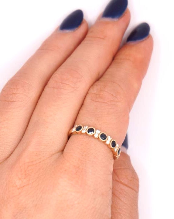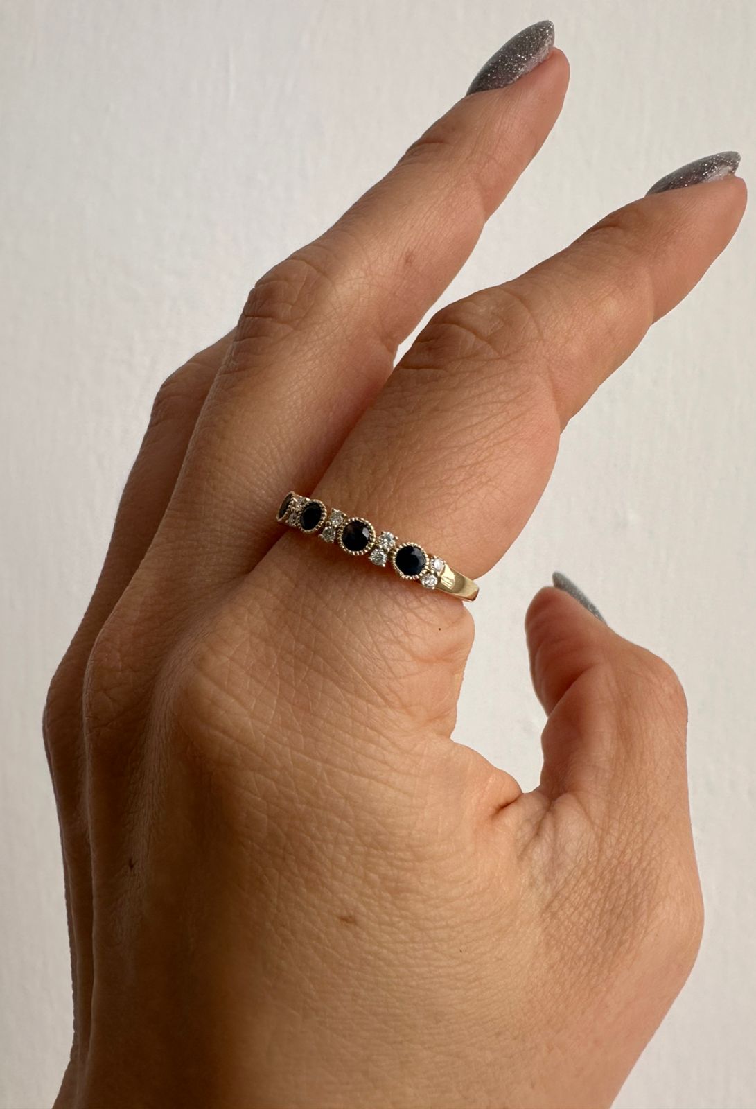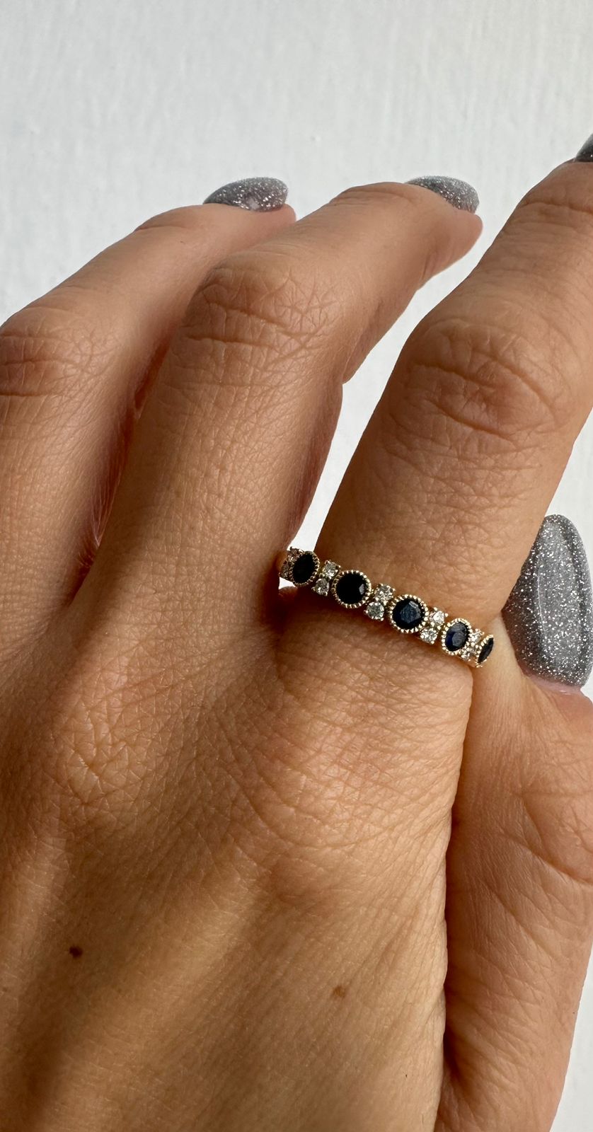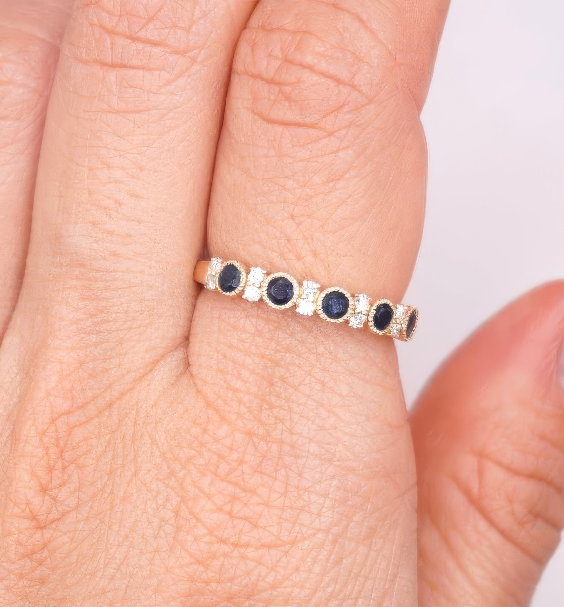 A timeless 14k gold band adorned with 0.40 ct deep blue sapphires framed by delicate 0.16 diamond-cut details. Its crown-like silhouette creates a soft shimmer with every movement — a perfect stacking piece that adds richness, elegance, and a touch of midnight magic to any ring collection.
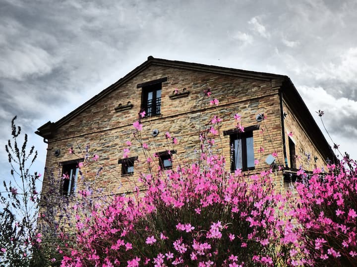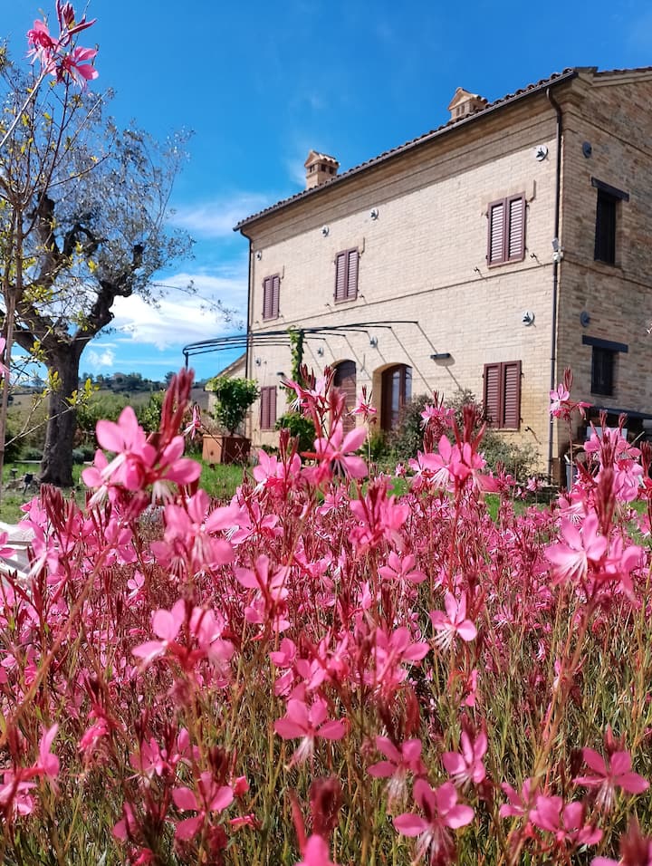 Hace unos quince años, durante unas vacaciones en las Marcas, nació el deseo de cambiar vidas; después de una larga experiencia laboral en el aeropuerto de Milán en el área de atención al cliente, nació un proyecto que nos llevó a encontrar un lugar que correspondiera a nuestros deseos, para poder vivir en armonía en la naturaleza una vida tranquila lejos del estrés y el bullicio.
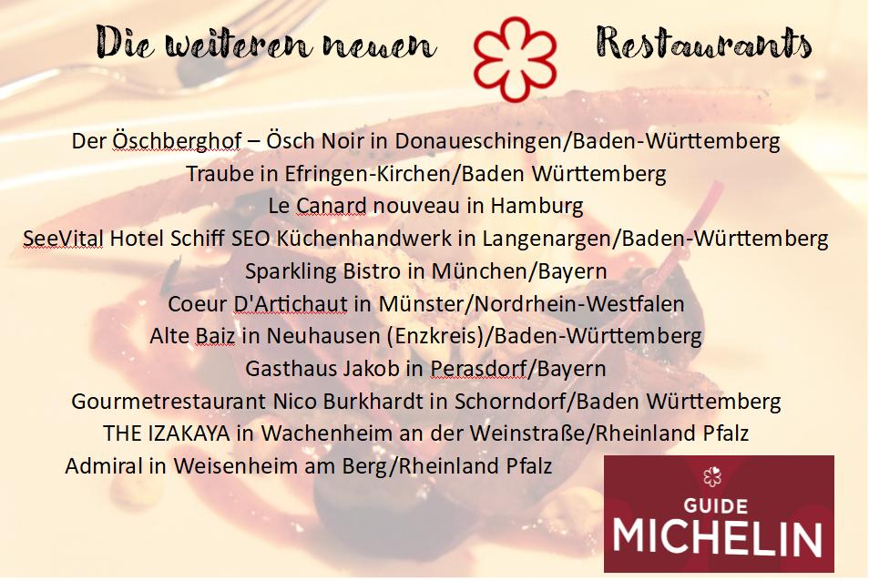 In der 'Sternengalerie' haben wir sämtliche neuen 3, 2 und 1-Sterneträger des Guide MICHELIN zusammengestellt. Aus der Bildunterschrift kann man sich direkt auf die jeweiligen Homepages der Restaurants klicken. Wir gratulieren sämtlichen neuen Sterneträgern und natürlich auch allen Köchen und Küchenteams die ihre Leistungen aus dem letzten Jahr bestätigt haben.
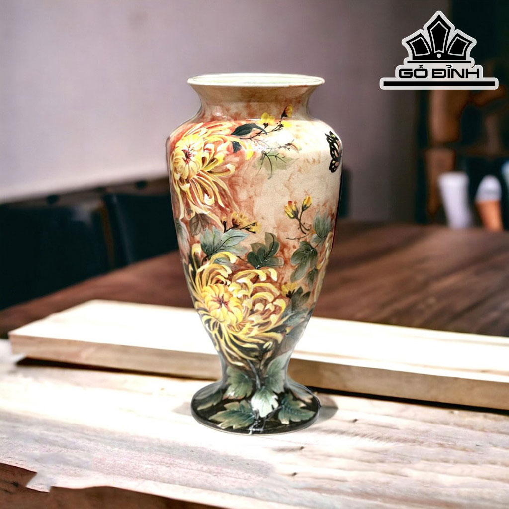 Bình Vẽ Cúc Gốm Bát Tràng Cao 38 Miệng 19 (cm)
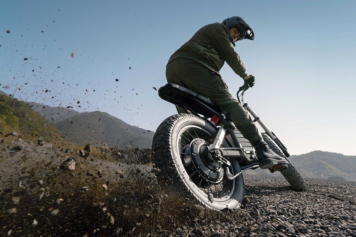 Xyber 的外型融合 café racer、胖胎電輔車與越野摩托車元素,車架採鑄鋁雙搖籃結構,搭配 20 × 12.7 公分防刺胎與倒立式雙冠前叉,前後懸吊行程分別為 110 公釐與 100 公釐,越野性能不容小覷。動力方面,搭載 6,000W 直驅馬達,最大扭力達 175Nm,在 Race 模式下僅需 2.7 秒即可從靜止加速至 32 公里/小時,堪稱「電動小鋼炮」。
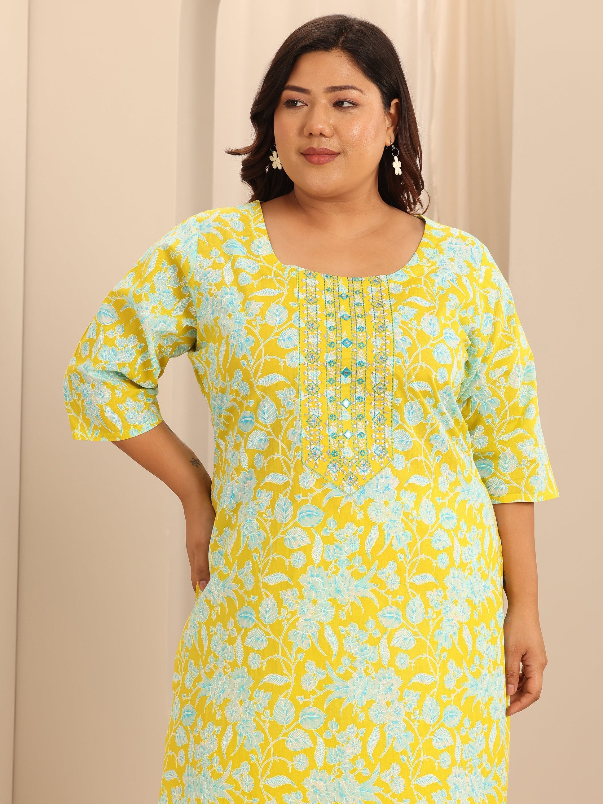 Plus Size Yellow Printed Cotton Straight Suit Set With Dupatta
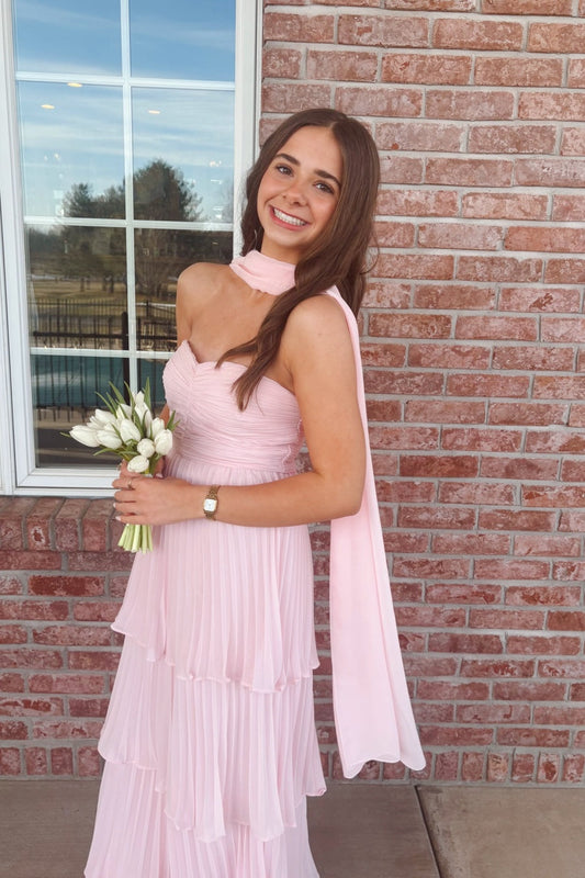 Strapless Pink Chiffon Pleated Ruffle Maxi Dress
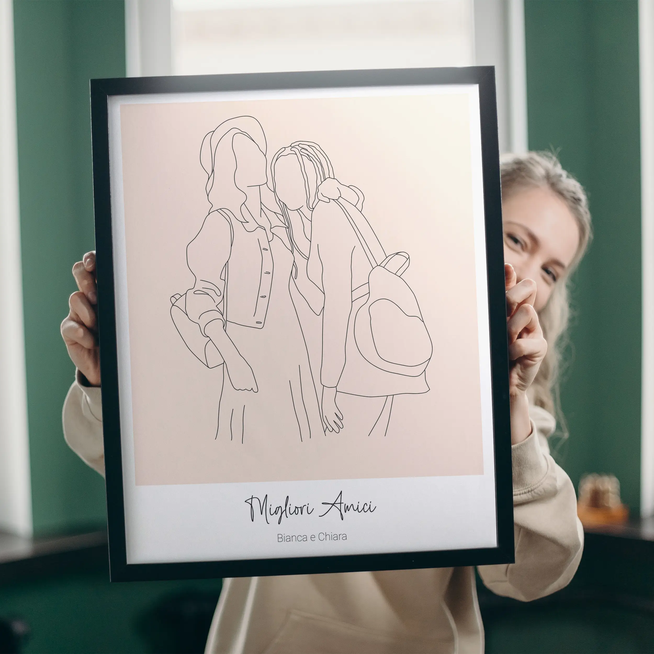 Amici Line Art non è solo un regalo per gli amici. È una celebrazione della gioia e della connessione delle amicizie. È un modo unico per esprimere la tua gratitudine e creare un ricordo duraturo. Ordina subito il tuo Amici Line Art e onora il legame speciale tra te e i tuoi amici con un capolavoro personalizzato che cattura l'essenza della tua amicizia.

◆ TASK DETAILS ◆
If a line comes after the line with "Hace unos quince", it stays out; print exactly every line from the start of the entries up to and including that line, but no pictures.

◆ RESPONSE TO THE TASK ◆
 A timeless 14k gold band adorned with 0.40 ct deep blue sapphires framed by delicate 0.16 diamond-cut details. Its crown-like silhouette creates a soft shimmer with every movement — a perfect stacking piece that adds richness, elegance, and a touch of midnight magic to any ring collection.
 Hace unos quince años, durante unas vacaciones en las Marcas, nació el deseo de cambiar vidas; después de una larga experiencia laboral en el aeropuerto de Milán en el área de atención al cliente, nació un proyecto que nos llevó a encontrar un lugar que correspondiera a nuestros deseos, para poder vivir en armonía en la naturaleza una vida tranquila lejos del estrés y el bullicio.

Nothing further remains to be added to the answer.